Le narrateur s’engage dans cette expérience singulière une fois
plongé dans l’extériorité du dehors (« je sortis de mon appartement »).
Mais d’emblée l’équivoque règne dans la mesure où ce dehors n’est
jamais que la rémanence d’un dedans exporté (« avec la sensation d’une
aile glissant sur les cordes d’un instrument »). Il semblerait donc que la
perception de ce que Sainte nommera « plumage instrumental » ait lieu
entre l’intérieur et l’extérieur, dans le passage de l’un à l’autre, comme si
la sensation en question était emportée et expatriée telle un souvenir du
dedans.
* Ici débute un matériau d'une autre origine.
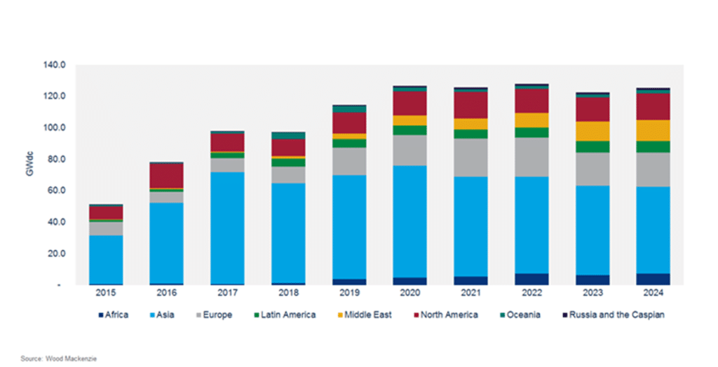 Die Zugmaschine für das Anwachsen der jährlichen Nachfrage werden Länder sein, die jährlich zwischen einem und fünf Gigawatt neu installieren, wie es weiter hieß. 2018 fielen gerade einmal sieben Länder in diese Kategorie. 2022 werden es 19 sein, darunter auch Frankreich, Saudi-Arabien und Taiwan. Doch auch für die derzeitige Nummer zwei und drei beim Photovoltaik-Zubau – Indien und die USA – sehen die Analysten gute Perspektiven. So würden in Indien die Ausschreibungsaktivitäten wieder an Fahrt aufnehmen. In den USA gebe es zudem vielversprechende Zubauankündigungen von Energieversorgern. Auch für Europa bestätigt Wood Mackenzie ein starkes Wachstum, gerade mit Blick auf die Erneuerbaren-Ziele für 2020 und 2030 in den verschiedenen Ländern. Die wohl aufregendste Entwicklung in Lateinamerika sei in Brasilien zu erwarten. Auch im Nahen Osten sehen die Analysten viel Potenzial, etwa in der bevorstehenden 1,5-Gigawatt-Ausschreibung in Saudi-Arabien.

Puis cette perception vaguement auditive (un son musical mêlé à
un mouvement), fait place à la perception explicite d’un son articulé cons-
tituant un objet linguistique opaque (une voix énonçant une phrase « vide
de signification »). La phrase entendue est perçue comme chose, et non
comme signe. La mise en mouvement du corps du promeneur (« je fis des
pas ») coïncide ensuite avec une première tentative d’élucidation de cet
objet, sous la forme d’une reconnaissance (« je reconnus »). La phrase,
seulement écoutée, demeure à ce stade un pur objet sonore insignifiant.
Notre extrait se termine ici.